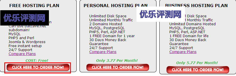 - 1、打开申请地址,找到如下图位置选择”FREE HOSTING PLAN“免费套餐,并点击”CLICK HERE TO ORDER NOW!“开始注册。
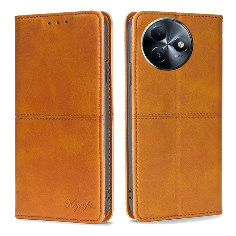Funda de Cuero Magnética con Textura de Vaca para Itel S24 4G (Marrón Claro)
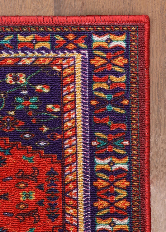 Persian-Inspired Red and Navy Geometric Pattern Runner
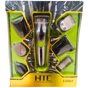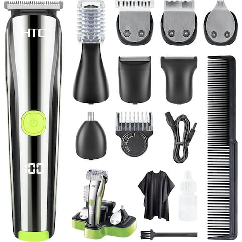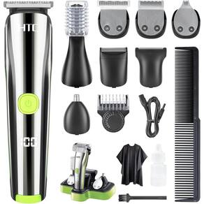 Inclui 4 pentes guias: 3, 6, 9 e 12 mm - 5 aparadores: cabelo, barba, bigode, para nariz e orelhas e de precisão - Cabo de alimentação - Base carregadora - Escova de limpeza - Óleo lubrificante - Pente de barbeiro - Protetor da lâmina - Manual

**Work task:** Wherever a picture appears in the listing above, drop it, and restate the rest exactly.

**Your solution:**
 - 1、打开申请地址,找到如下图位置选择”FREE HOSTING PLAN“免费套餐,并点击”CLICK HERE TO ORDER NOW!“开始注册。
Funda de Cuero Magnética con Textura de Vaca para Itel S24 4G (Marrón Claro)
 Persian-Inspired Red and Navy Geometric Pattern Runner
 Inclui 4 pentes guias: 3, 6, 9 e 12 mm - 5 aparadores: cabelo, barba, bigode, para nariz e orelhas e de precisão - Cabo de alimentação - Base carregadora - Escova de limpeza - Óleo lubrificante - Pente de barbeiro - Protetor da lâmina - Manual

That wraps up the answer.